If it's a permanent installation then probably something should be done about it.

Growing up in Quebec city, my "high level" of bilingualism back then was quite rare. So this doesn't really surprise me.

You grew up in La Capitale Nationale?
 
Oddly as an Englishman I was not the most hated person in my workplace when I worked in France, the Quebecois guy was. I still got “hooligan” quips nearly every day or some comment about burnt meat being a national dish or something, occasionally a snide remark about mad cow disease but the poor Quebec guy was just at the bottom of the heap and got trashed regularly.

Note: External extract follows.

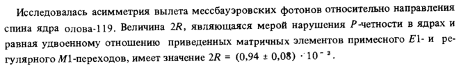 Исследовалась асимметрия вылета мессбауэровских фотонов относительно направления спина ядра олова-119. Величина 2R, являющаяся мерой нарушения Ρ -четности в ядрах и равная удвоенному отношению приведенных матричных элементов примесного Elи регулярного Ml-переходов, имеет значение 2R = (0,94 + 0,08) -10 3

I figured that they expected that I would butcher the language but that the Quebecois guy had no excuse!
 
Still comes back to when in Rome....

The only "arrogance" is expecting Rome (or in this case QC) to accommodate you!
If it's arrogant to expect warnings off danger ahead to be clearly labeled in one of the official language of the country that I (and clearly the majority of Canadaians) speak then put me down as arrogant.
 
You grew up in La Capitale Nationale?
Yes!

If it's arrogant to expect warnings off danger ahead to be clearly labeled in one of the official language of the country that I (and clearly the majority of Canadaians) speak then put me down as arrogant.
I'm still curious though, in what area of the province was that?